The Hilab System flagging study focused on the most common CBC test alterations [
24]: RBC morphological variation, large platelets, and the presence of immature cells. For all alterations evaluated, the Hilab System presented a high accuracy (>0.98 for most parameters;
Table 2) compared to the conventional blood smear observation, established as a gold-standard methodology for cell analysis [
25]. Additionally, we emphasize the high similarity between the cells observed in the blood smear and the liquid medium containing the Hilab staining solutions (
Figure 5). These staining solutions stain specific cell structures without promoting morphological alterations, differing from commercial diluent solutions such as Hayem, Rees-Ecker, or Turk solution [
26,
27,
28]. In this manner, the Hilab solutions maintain the blood dilution in a constant ratio, in addition to cell quantification and classification. The cell classification is similar to blood smear findings but requires fewer steps for sample preparation and is less susceptible to technical artifacts, being more simplified and user-friendly. Blood smear technique artifacts commonly occur in centralized laboratories due to health professionals’ inexperience, incorrect time of sample in EDTA tubes, and incorrect fixing or staining techniques [
29,
30], so the Hilab solutions may represent a considerable advantage in this field.

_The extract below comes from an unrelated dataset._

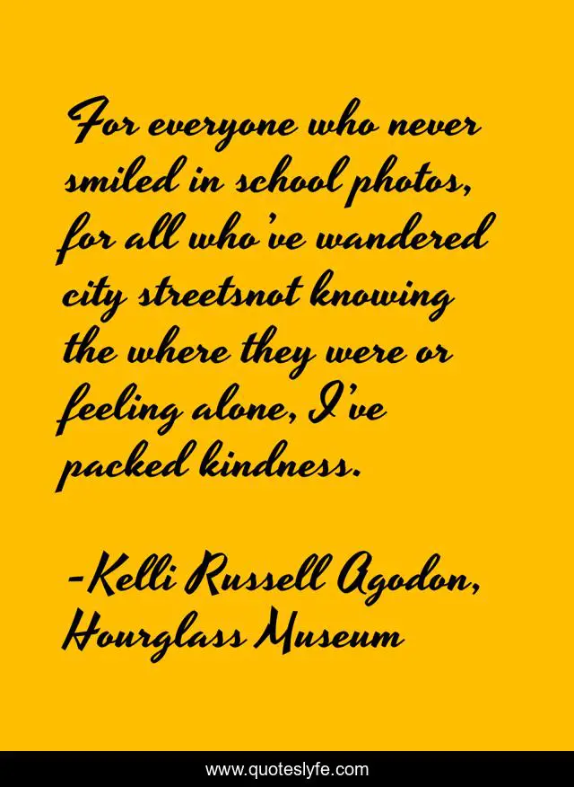 "Kelli Russell Agodon, Hourglass Museum Quotes." Quoteslyfe.com, 2025. Mon. 08 Dec. 2025. <https://www.quoteslyfe.com/quote/For-everyone-who-never-smiled-in-school-124637>.

The intense routine of most clinical laboratories does not allow the microscopic analysis of all blood smears by a trained hematologist. With the development of automated blood-cell analyzers, the proportion of blood smear analysis in many clinical settings is below 10% and heavily dependent on “flags” produced by the device. However, the blood smear analysis remains clinically necessary for several circumstances [
20,
25,
29,
30,
31]. Since this analysis is an essential tool for a differential diagnosis, the flagging study demonstrated how the Hilab System represents an advantage compared to conventional CBC devices through an AI-layer screening and specialized hematologist analysis of all blood samples.

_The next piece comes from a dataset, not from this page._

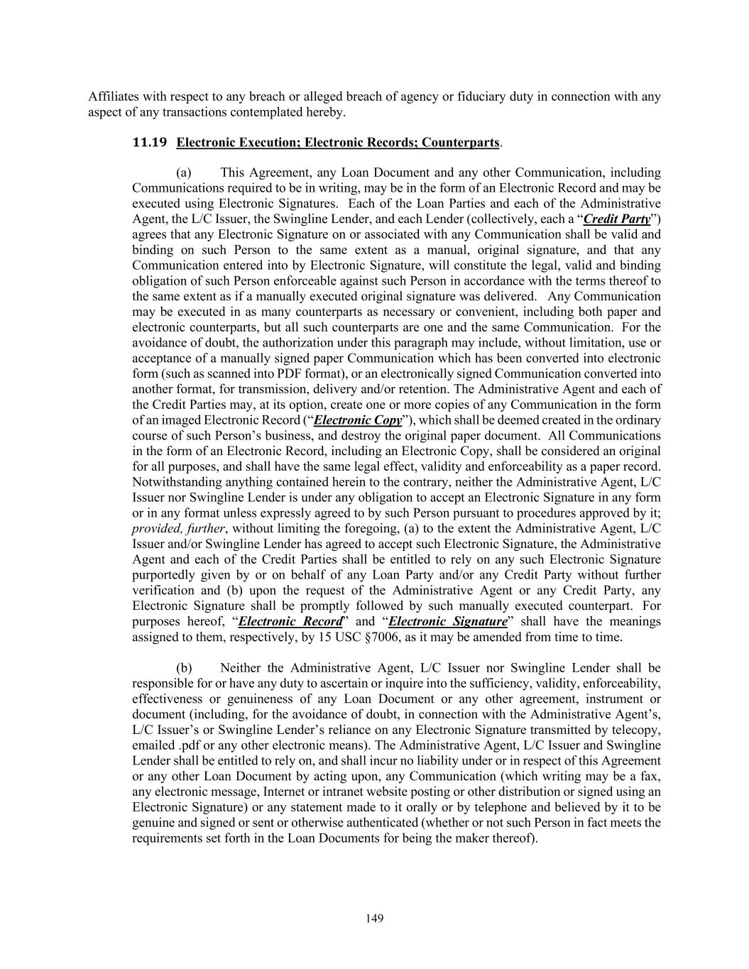 149 Affiliates with respect to any breach or alleged breach of agency or fiduciary duty in connection with any aspect of any transactions contemplated hereby. 11.19 Electronic Execution; Electronic Records; Counterparts. (a) This Agreement, any Loan Document and any other Communication, including Communications required to be in writing, may be in the form of an Electronic Record and may be executed using Electronic Signatures. Each of the Loan Parties and each of the Administrative Agent, the L/C Issuer, the Swingline Lender, and each Lender (collectively, each a “Credit Party”) agrees that any Electronic Signature on or associated with any Communication shall be valid and binding on such Person to the same extent as a manual, original signature, and that any Communication entered into by Electronic Signature, will constitute the legal, valid and binding obligation of such Person enforceable against such Person in accordance with the terms thereof to the same extent as if a manually executed original signature was delivered. Any Communication may be executed in as many counterparts as necessary or convenient, including both paper and electronic counterparts, but all such counterparts are one and the same Communication. For the avoidance of doubt, the authorization under this paragraph may include, without limitation, use or acceptance of a manually signed paper Communication which has been converted into electronic form (such as scanned into PDF format), or an electronically signed Communication converted into another format, for transmission, delivery and/or retention. The Administrative Agent and each of the Credit Parties may, at its option, create one or more copies of any Communication in the form of an imaged Electronic Record (“Electronic Copy”), which shall be deemed created in the ordinary course of such Person’s business, and destroy the original paper document. All Communications in the form of an Electronic Record, including an Electronic Copy, shall be considered an original for all purposes, and shall have the same legal effect, validity and enforceability as a paper record. Notwithstanding anything contained herein to the contrary, neither the Administrative Agent, L/C Issuer nor Swingline Lender is under any obligation to accept an Electronic Signature in any form or in any format unless expressly agreed to by such Person pursuant to procedures approved by it; provided, further, without limiting the foregoing, (a) to the extent the Administrative Agent, L/C Issuer and/or Swingline Lender has agreed to accept such Electronic Signature, the Administrative Agent and each of the Credit Parties shall be entitled to rely on any such Electronic Signature purportedly given by or on behalf of any Loan Party and/or any Credit Party without further verification and (b) upon the request of the Administrative Agent or any Credit Party, any Electronic Signature shall be promptly followed by such manually executed counterpart. For purposes hereof, “Electronic Record” and “Electronic Signature” shall have the meanings assigned to them, respectively, by 15 USC §7006, as it may be amended from time to time. (b) Neither the Administrative Agent, L/C Issuer nor Swingline Lender shall be responsible for or have any duty to ascertain or inquire into the sufficiency, validity, enforceability, effectiveness or genuineness of any Loan Document or any other agreement, instrument or document (including, for the avoidance of doubt, in connection with the Administrative Agent’s, L/C Issuer’s or Swingline Lender’s reliance on any Electronic Signature transmitted by telecopy, emailed .pdf or any other electronic means). The Administrative Agent, L/C Issuer and Swingline Lender shall be entitled to rely on, and shall incur no liability under or in respect of this Agreement or any other Loan Document by acting upon, any Communication (which writing may be a fax, any electronic message, Internet or intranet website posting or other distribution or signed using an Electronic Signature) or any statement made to it orally or by telephone and believed by it to be genuine and signed or sent or otherwise authenticated (whether or not such Person in fact meets the requirements set forth in the Loan Documents for being the maker thereof).

Unlike the first Hilab System validation study [
14], this work encompassed a new CBC analyte through satisfactory MCHC quantification, a relevant index for anemia diagnosis and other blood-related diseases [
32]. Additionally, in this study, the evaluated CBC methodologies did not present statistical differences in EOS/BAS count. This improvement is due to the evaluation area and AI cell identification refinement implemented in the Hilab Lens. In this sense, the increased number of evaluated blood samples enhanced the system image processing and object classification resolution, leading to more concordant results between Hilab System and conventional hematology analyzers.

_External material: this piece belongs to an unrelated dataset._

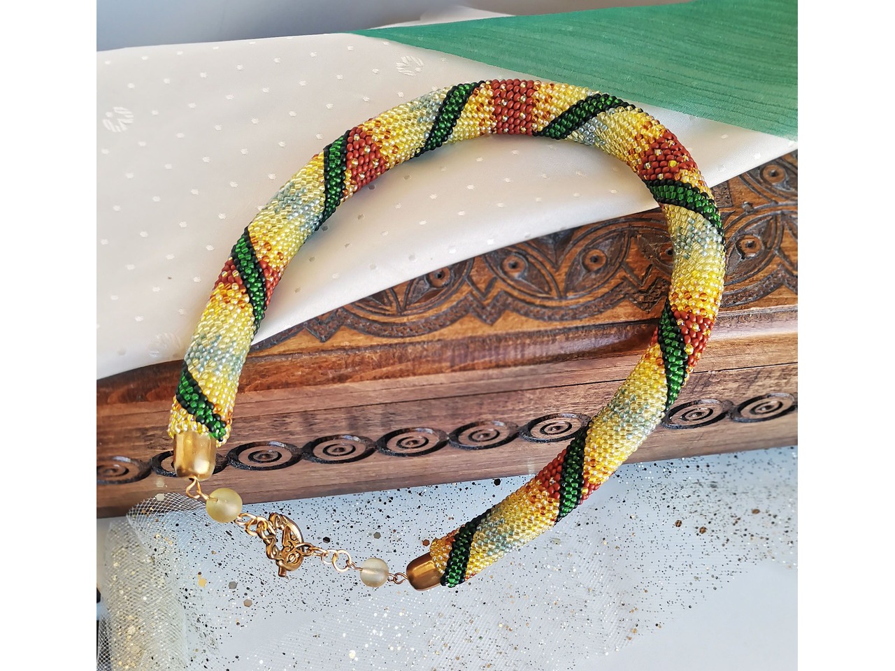 Прикраса із бісеру кольє-джгут "Чарівний ліс"

Although these results demonstrate the reliable clinical application of the Hilab System, evaluating a wide range of CBC values in patients from three different sectors of Erasto Gaertner Hospital, this study presents some limitations. In the second validation study of the Hilab device, even when performed with patients of a hematology-specialized hospital, we did not observe a sufficient number of such cells as blasts, metamyelocytes, and promyelocytes to allow the individual construction of a robust database for these kinds of cells. This being so, the current version of the CBC Hilab device AI can report only the presence of the band neutrophils and immature cells in general. However, since the system does not segregate the lineage or maturation rate of the cells, different immature cell types may be present in the sample when the Hilab System reports this flag and require further analyst interpretation. More testing in distinct centers is in progress to increase these cell subtypes’ databases and, consequently, the classification power of the system.